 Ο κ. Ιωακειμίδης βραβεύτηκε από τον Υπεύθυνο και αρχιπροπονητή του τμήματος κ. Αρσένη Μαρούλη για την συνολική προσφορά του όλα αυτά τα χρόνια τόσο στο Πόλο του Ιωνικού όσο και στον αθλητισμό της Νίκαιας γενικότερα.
...
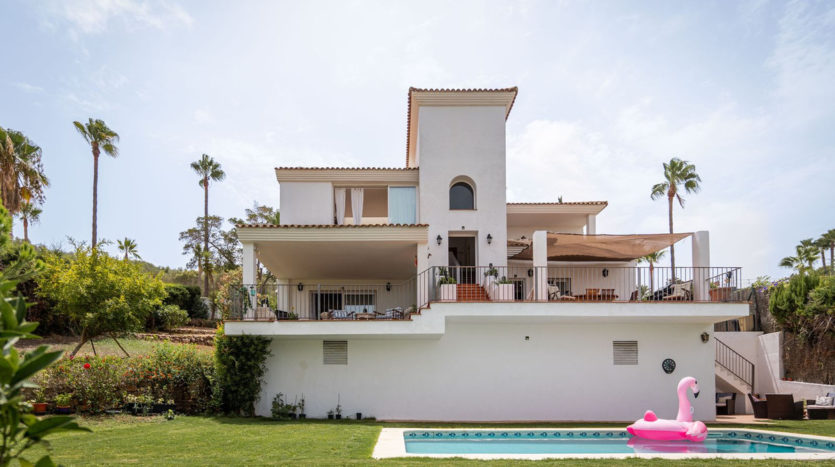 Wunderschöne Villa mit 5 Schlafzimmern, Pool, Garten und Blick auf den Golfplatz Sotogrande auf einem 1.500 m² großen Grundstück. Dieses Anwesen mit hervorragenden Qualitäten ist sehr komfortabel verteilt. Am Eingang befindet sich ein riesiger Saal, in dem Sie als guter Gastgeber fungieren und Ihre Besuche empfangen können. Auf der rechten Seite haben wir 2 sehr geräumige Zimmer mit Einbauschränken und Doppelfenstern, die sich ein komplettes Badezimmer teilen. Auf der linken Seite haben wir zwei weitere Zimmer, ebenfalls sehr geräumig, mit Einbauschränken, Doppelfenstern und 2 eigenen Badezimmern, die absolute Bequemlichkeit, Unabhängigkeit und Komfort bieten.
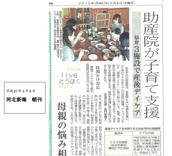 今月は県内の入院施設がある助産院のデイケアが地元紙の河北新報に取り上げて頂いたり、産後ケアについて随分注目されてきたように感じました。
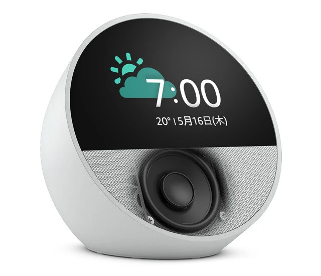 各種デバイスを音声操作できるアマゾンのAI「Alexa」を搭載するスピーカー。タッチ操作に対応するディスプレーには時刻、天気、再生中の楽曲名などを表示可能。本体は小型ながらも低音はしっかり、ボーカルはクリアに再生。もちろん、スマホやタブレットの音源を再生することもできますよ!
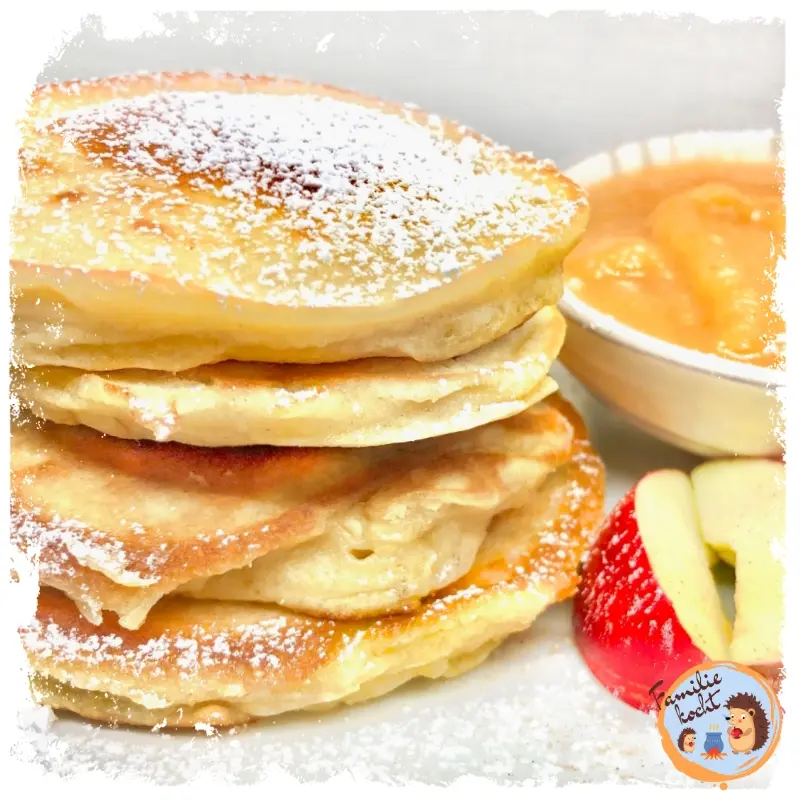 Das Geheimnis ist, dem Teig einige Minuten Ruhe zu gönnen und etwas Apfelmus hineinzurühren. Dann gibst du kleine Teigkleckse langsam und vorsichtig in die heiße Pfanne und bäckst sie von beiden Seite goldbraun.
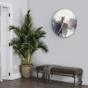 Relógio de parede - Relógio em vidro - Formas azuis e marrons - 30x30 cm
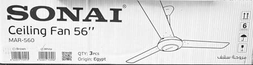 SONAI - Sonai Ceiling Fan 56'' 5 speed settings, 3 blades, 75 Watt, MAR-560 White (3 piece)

- What is being asked: Pictures excluded, reproduce only the part above that opens with the line holding "今月は県内の入院施設がある助" and closes with the line holding "SONAI - Sonai", exactly as written.

- Response area:
 今月は県内の入院施設がある助産院のデイケアが地元紙の河北新報に取り上げて頂いたり、産後ケアについて随分注目されてきたように感じました。
 各種デバイスを音声操作できるアマゾンのAI「Alexa」を搭載するスピーカー。タッチ操作に対応するディスプレーには時刻、天気、再生中の楽曲名などを表示可能。本体は小型ながらも低音はしっかり、ボーカルはクリアに再生。もちろん、スマホやタブレットの音源を再生することもできますよ!
 Das Geheimnis ist, dem Teig einige Minuten Ruhe zu gönnen und etwas Apfelmus hineinzurühren. Dann gibst du kleine Teigkleckse langsam und vorsichtig in die heiße Pfanne und bäckst sie von beiden Seite goldbraun.
 Relógio de parede - Relógio em vidro - Formas azuis e marrons - 30x30 cm
 SONAI - Sonai Ceiling Fan 56'' 5 speed settings, 3 blades, 75 Watt, MAR-560 White (3 piece)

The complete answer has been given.